Data extracted from a collection
┌──

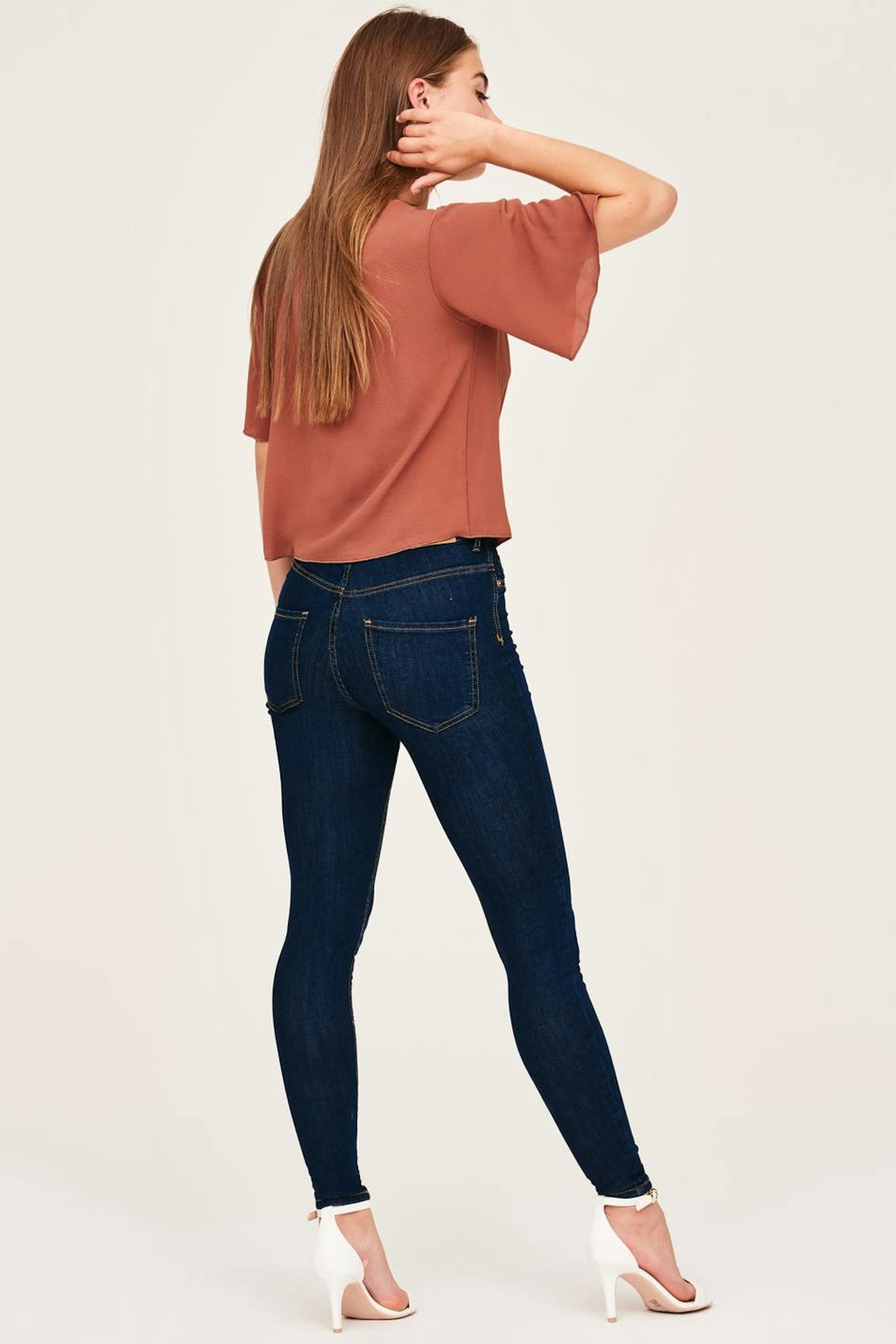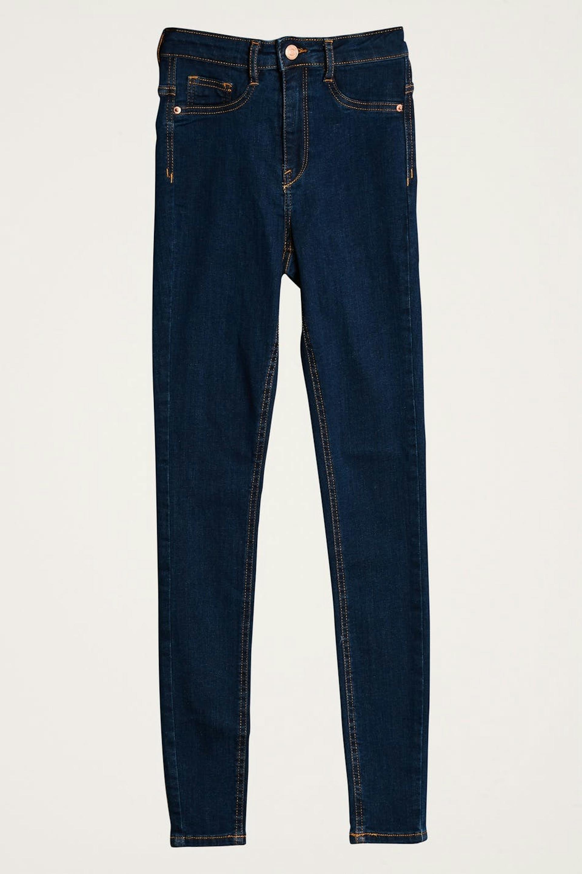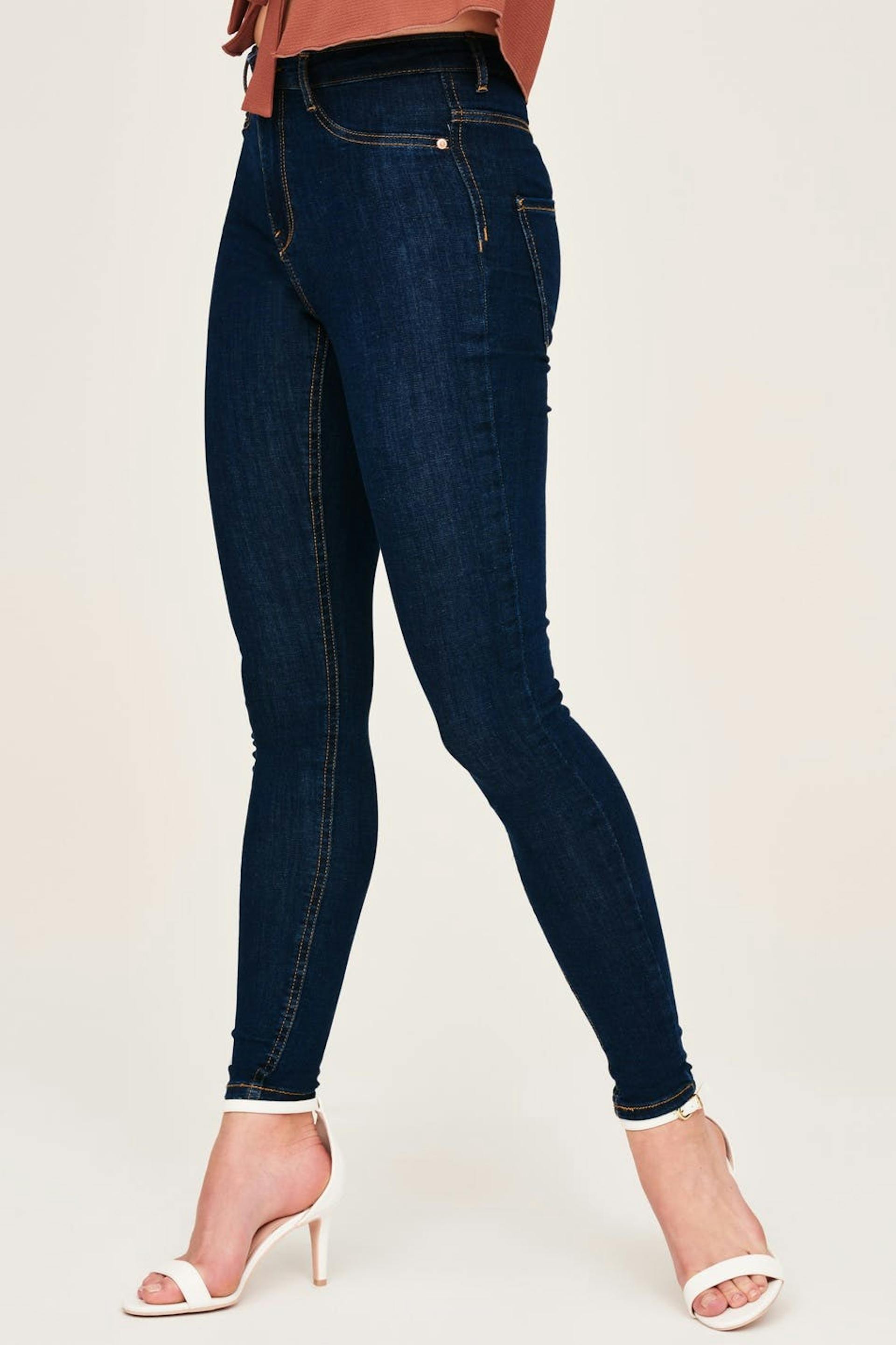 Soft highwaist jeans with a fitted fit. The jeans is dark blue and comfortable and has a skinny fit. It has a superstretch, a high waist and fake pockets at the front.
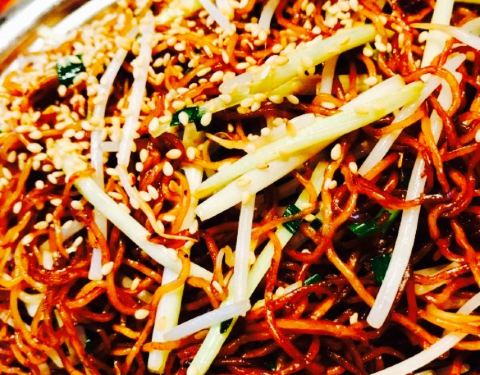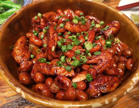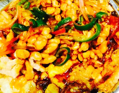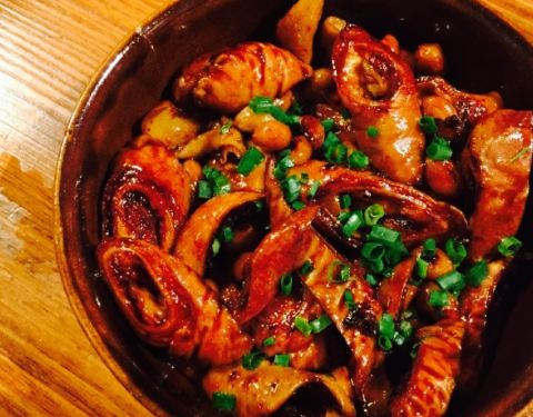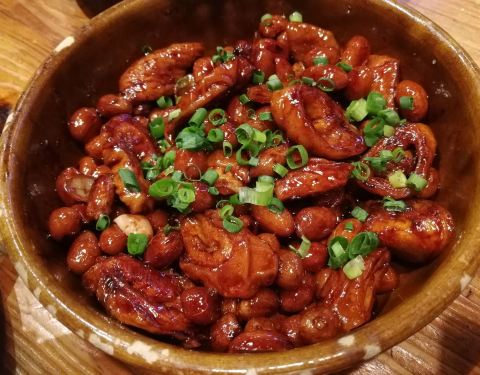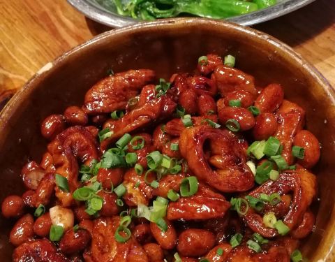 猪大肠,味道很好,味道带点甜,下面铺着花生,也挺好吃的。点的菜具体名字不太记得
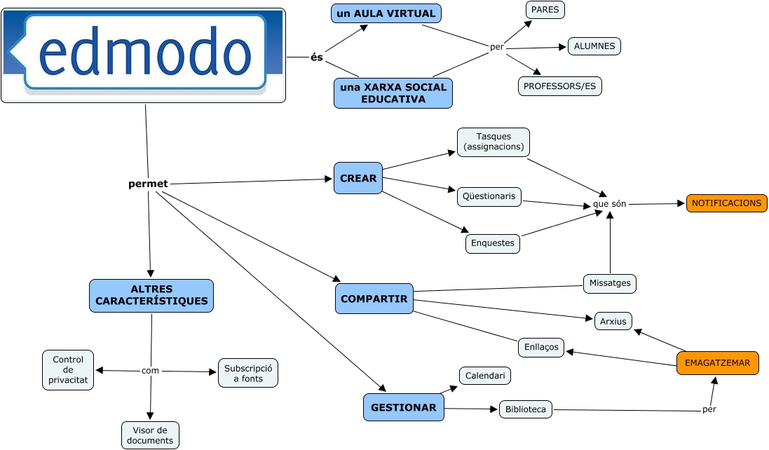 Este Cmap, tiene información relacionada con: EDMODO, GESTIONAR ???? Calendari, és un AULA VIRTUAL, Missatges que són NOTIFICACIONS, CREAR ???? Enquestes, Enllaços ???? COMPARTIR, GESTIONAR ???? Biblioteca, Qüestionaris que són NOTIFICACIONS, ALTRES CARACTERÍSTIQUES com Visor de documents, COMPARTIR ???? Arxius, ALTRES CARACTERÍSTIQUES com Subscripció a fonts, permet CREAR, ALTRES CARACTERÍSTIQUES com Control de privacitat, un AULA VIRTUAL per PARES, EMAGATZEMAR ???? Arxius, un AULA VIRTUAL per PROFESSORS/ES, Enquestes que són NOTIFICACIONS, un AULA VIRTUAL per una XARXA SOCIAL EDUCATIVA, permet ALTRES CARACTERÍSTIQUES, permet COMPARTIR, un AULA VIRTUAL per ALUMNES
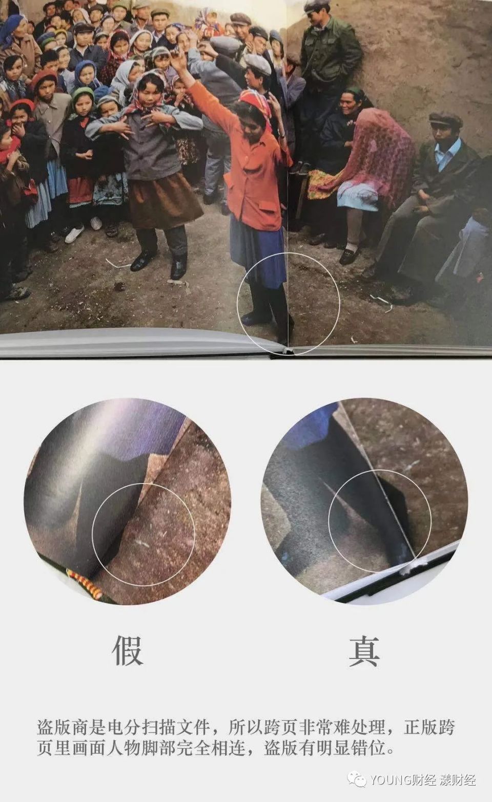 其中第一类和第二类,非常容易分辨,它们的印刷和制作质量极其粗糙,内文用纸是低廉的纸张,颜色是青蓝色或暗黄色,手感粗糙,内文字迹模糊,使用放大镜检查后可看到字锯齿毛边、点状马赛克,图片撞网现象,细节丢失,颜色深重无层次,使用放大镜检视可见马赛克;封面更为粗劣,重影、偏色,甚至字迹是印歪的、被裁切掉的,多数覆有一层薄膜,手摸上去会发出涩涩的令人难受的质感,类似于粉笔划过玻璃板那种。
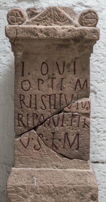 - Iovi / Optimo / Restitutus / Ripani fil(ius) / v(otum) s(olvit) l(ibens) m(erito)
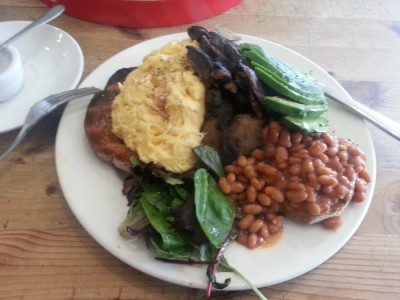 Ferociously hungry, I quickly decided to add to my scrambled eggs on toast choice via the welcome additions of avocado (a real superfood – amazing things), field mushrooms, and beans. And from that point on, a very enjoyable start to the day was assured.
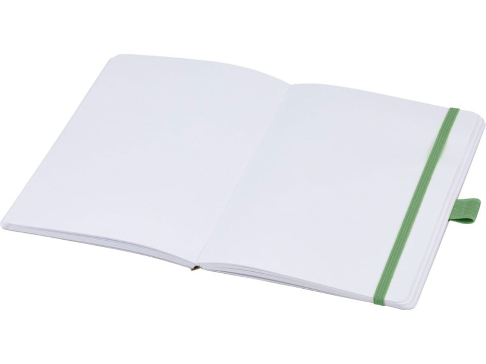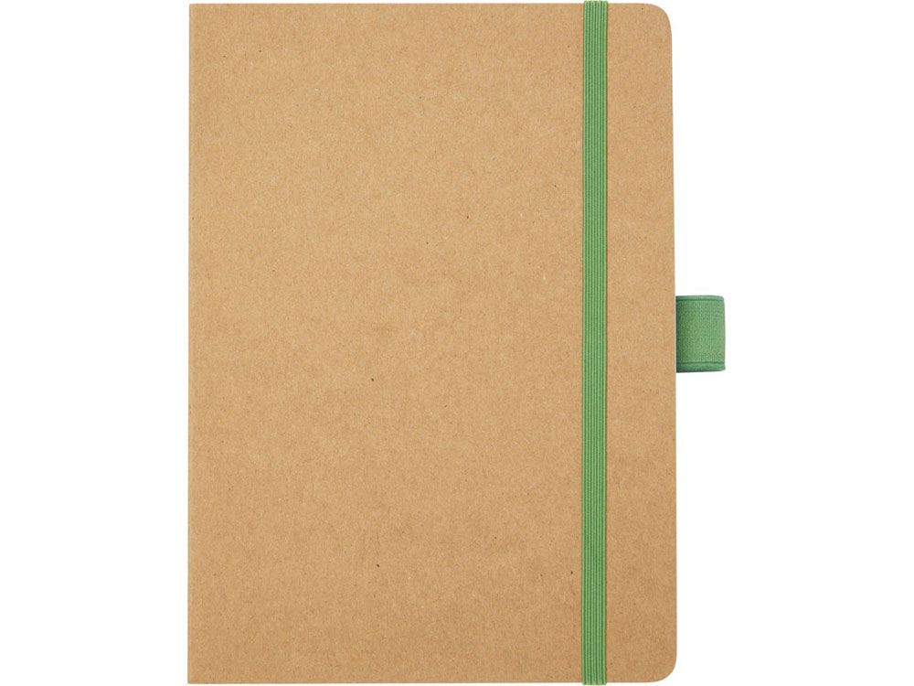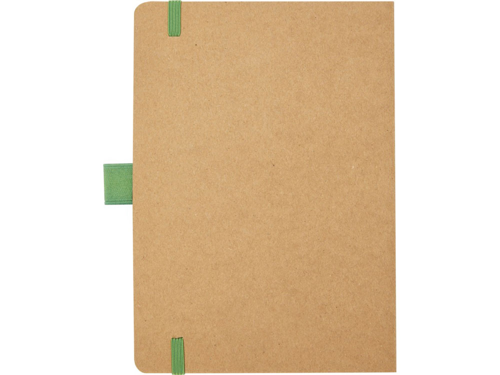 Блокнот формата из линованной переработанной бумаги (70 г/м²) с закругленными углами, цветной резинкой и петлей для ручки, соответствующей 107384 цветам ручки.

└──

> [Work to complete] In the answer, give only the lines from the top of the data above through the line with "猪大肠,味道很好,味道带点甜,下面铺着花生,也挺好吃的。点的菜具体名字不太记得", reproduced exactly; no picture may appear.

> [Response]
 Soft highwaist jeans with a fitted fit. The jeans is dark blue and comfortable and has a skinny fit. It has a superstretch, a high waist and fake pockets at the front.
 猪大肠,味道很好,味道带点甜,下面铺着花生,也挺好吃的。点的菜具体名字不太记得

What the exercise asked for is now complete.